**Work to complete**
Quote the lines below from the one containing "In 1801, 'Sir'" to the final line, both ends included; exclude the pictures.

**Dataset excerpt**

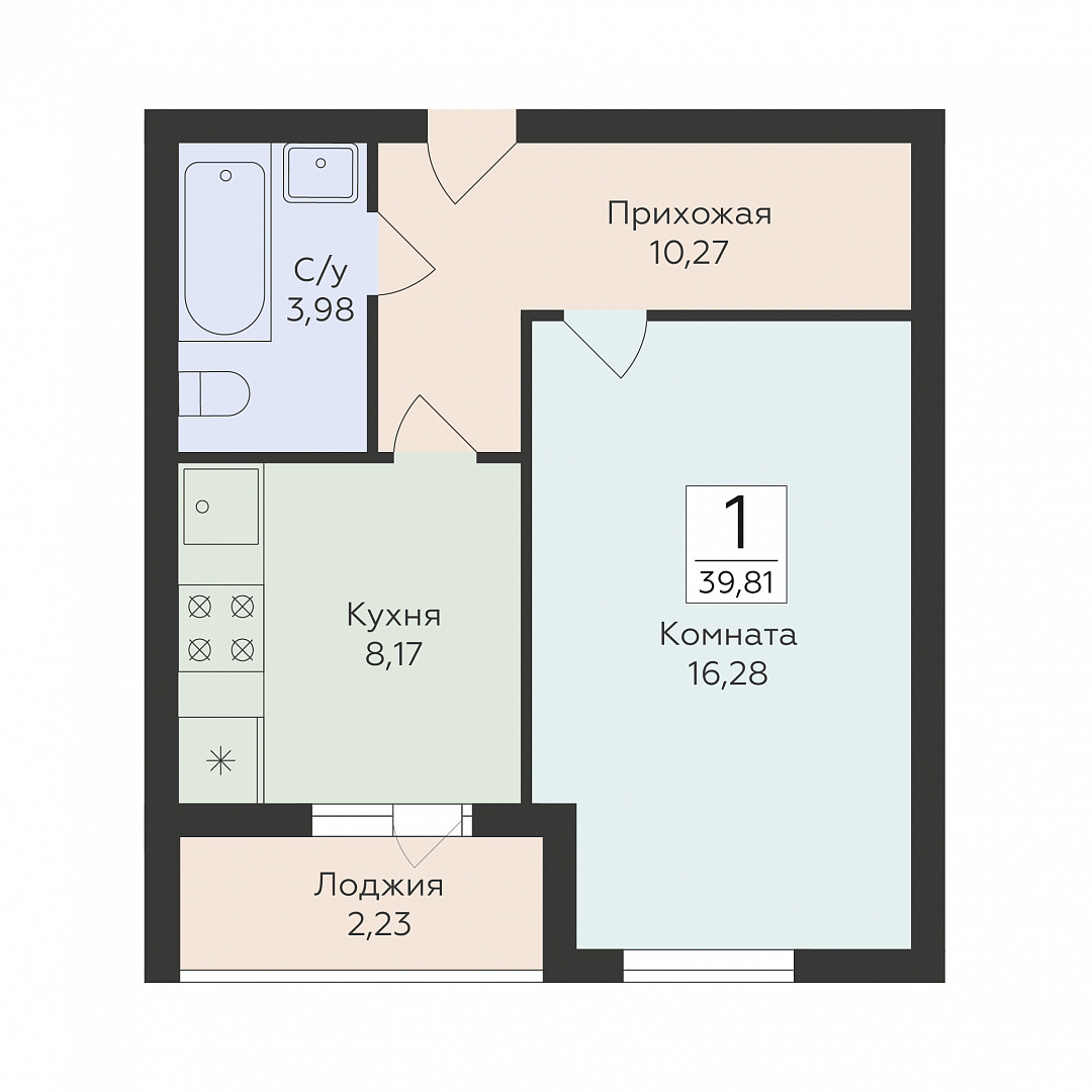 1-комнатная квартира, 39.81 м2, 5 этаж, №434, Классики
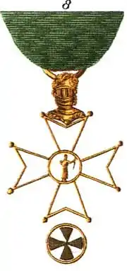 In 1801, 'Sir' Levett Hanson[6] wrote to Admiral Lord Horatio Nelson offering him membership of the order to recognize his victory at the Battle of the Nile. Following the review and approval of the English College of Arms, the King's Warrant approving the acceptance and wear of the insignia of the Order of Saint Joachim was granted.[7] Nelson was wearing the breast cross of the Order of Saint Joachim at the Battle of Trafalgar and is still seen on the famous "Trafalgar coat" in the National Maritime Museum in Greenwich, UK. Several other Englishmen later received the King's Warrant to accept the Order of Saint Joachim, including Nelson's brother, Viscount Merton, General Sir Charles Imhoff,[8] and Philippe d'Auvergne, Prince de Boullion, Rear Admiral of the Blue.[9] In 1802, Hanson published An Accurate Historical Account of all the Orders of Knighthood at present existing in Europe casting the Order of Saint Joachim as equal to existing chivalric orders and dedicating the work to Nelson.[10]
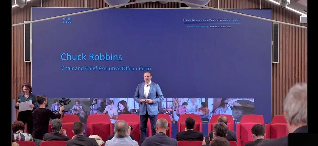 Che il progetto stia a cuore al colosso tecnologico californiano è dimostrato anche dal fatto che Chuck Robbins, Chair e CEO di Cisco, è intervenuto personalmente alla presentazione ufficiale, svoltasi a metà aprile nelle Procuratie Vecchie, storico edificio che abbraccia l’intero lato nord di Piazza San Marco e appena riaperto al pubblico dopo 500 anni, a seguito del restauro da parte delle Assicurazioni Generali, che qui avevano numerosi uffici, poi trasferiti nella sede di Mogliano Veneto, nell’entroterra veneziano.
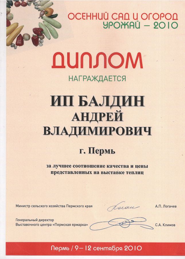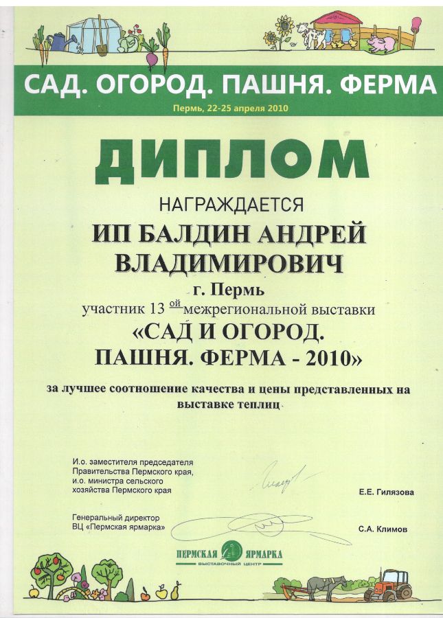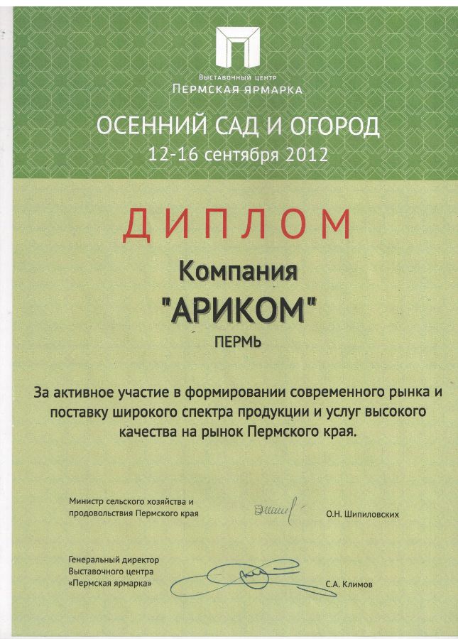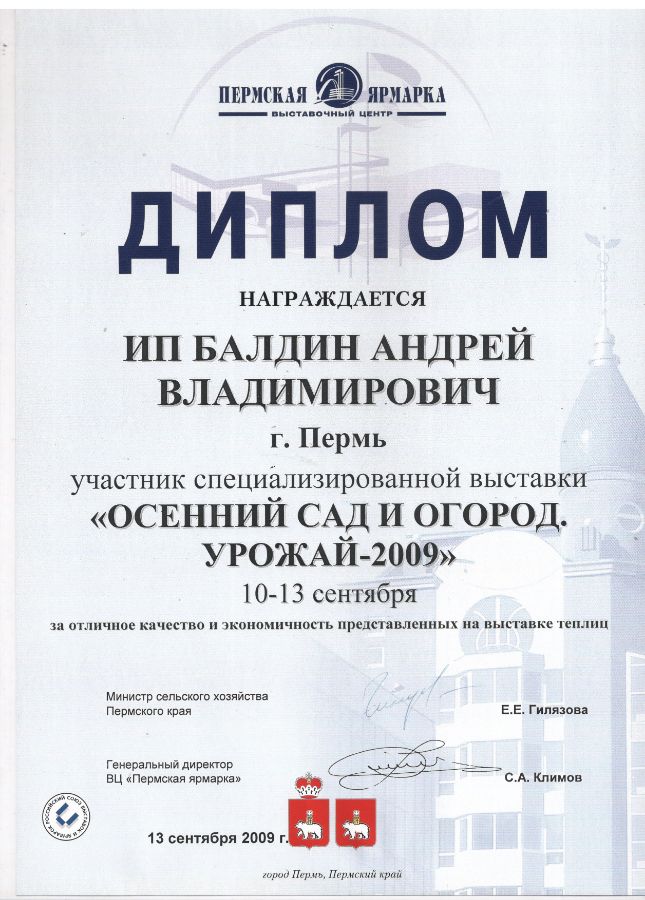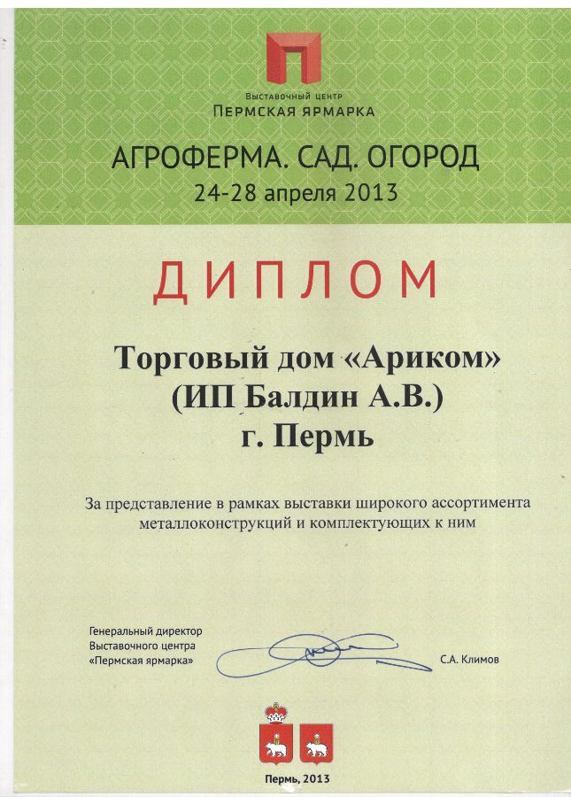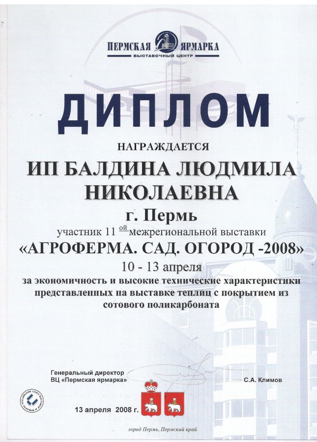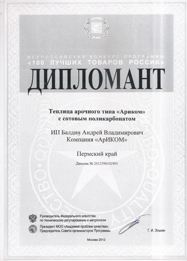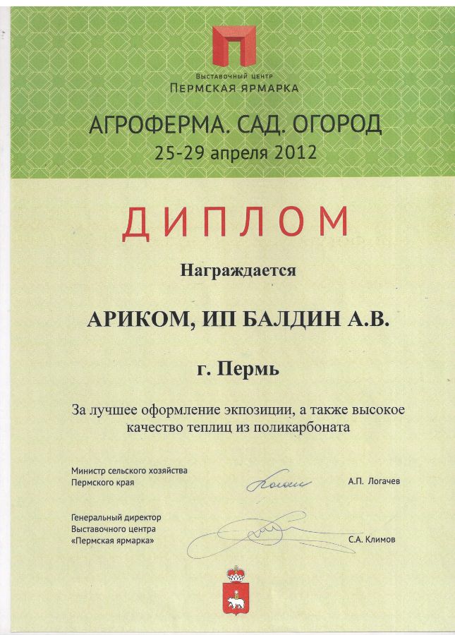 Компания "АрИКОМ" с 2001 г. является лидером реализации сотового и монолитного поликарбоната, теплиц, парников различных конструкций по г. Перми и всему Пермскому краю. За это время были учтены все пожелания наших клиентов, расширен ассортимент теплиц, их конструкция была доведена до максимального уровня удобства и качества! Наша продукция получает высшие награды!

**Solution to the exercise**
 In 1801, 'Sir' Levett Hanson[6] wrote to Admiral Lord Horatio Nelson offering him membership of the order to recognize his victory at the Battle of the Nile. Following the review and approval of the English College of Arms, the King's Warrant approving the acceptance and wear of the insignia of the Order of Saint Joachim was granted.[7] Nelson was wearing the breast cross of the Order of Saint Joachim at the Battle of Trafalgar and is still seen on the famous "Trafalgar coat" in the National Maritime Museum in Greenwich, UK. Several other Englishmen later received the King's Warrant to accept the Order of Saint Joachim, including Nelson's brother, Viscount Merton, General Sir Charles Imhoff,[8] and Philippe d'Auvergne, Prince de Boullion, Rear Admiral of the Blue.[9] In 1802, Hanson published An Accurate Historical Account of all the Orders of Knighthood at present existing in Europe casting the Order of Saint Joachim as equal to existing chivalric orders and dedicating the work to Nelson.[10]
 Che il progetto stia a cuore al colosso tecnologico californiano è dimostrato anche dal fatto che Chuck Robbins, Chair e CEO di Cisco, è intervenuto personalmente alla presentazione ufficiale, svoltasi a metà aprile nelle Procuratie Vecchie, storico edificio che abbraccia l’intero lato nord di Piazza San Marco e appena riaperto al pubblico dopo 500 anni, a seguito del restauro da parte delle Assicurazioni Generali, che qui avevano numerosi uffici, poi trasferiti nella sede di Mogliano Veneto, nell’entroterra veneziano.
 Компания "АрИКОМ" с 2001 г. является лидером реализации сотового и монолитного поликарбоната, теплиц, парников различных конструкций по г. Перми и всему Пермскому краю. За это время были учтены все пожелания наших клиентов, расширен ассортимент теплиц, их конструкция была доведена до максимального уровня удобства и качества! Наша продукция получает высшие награды!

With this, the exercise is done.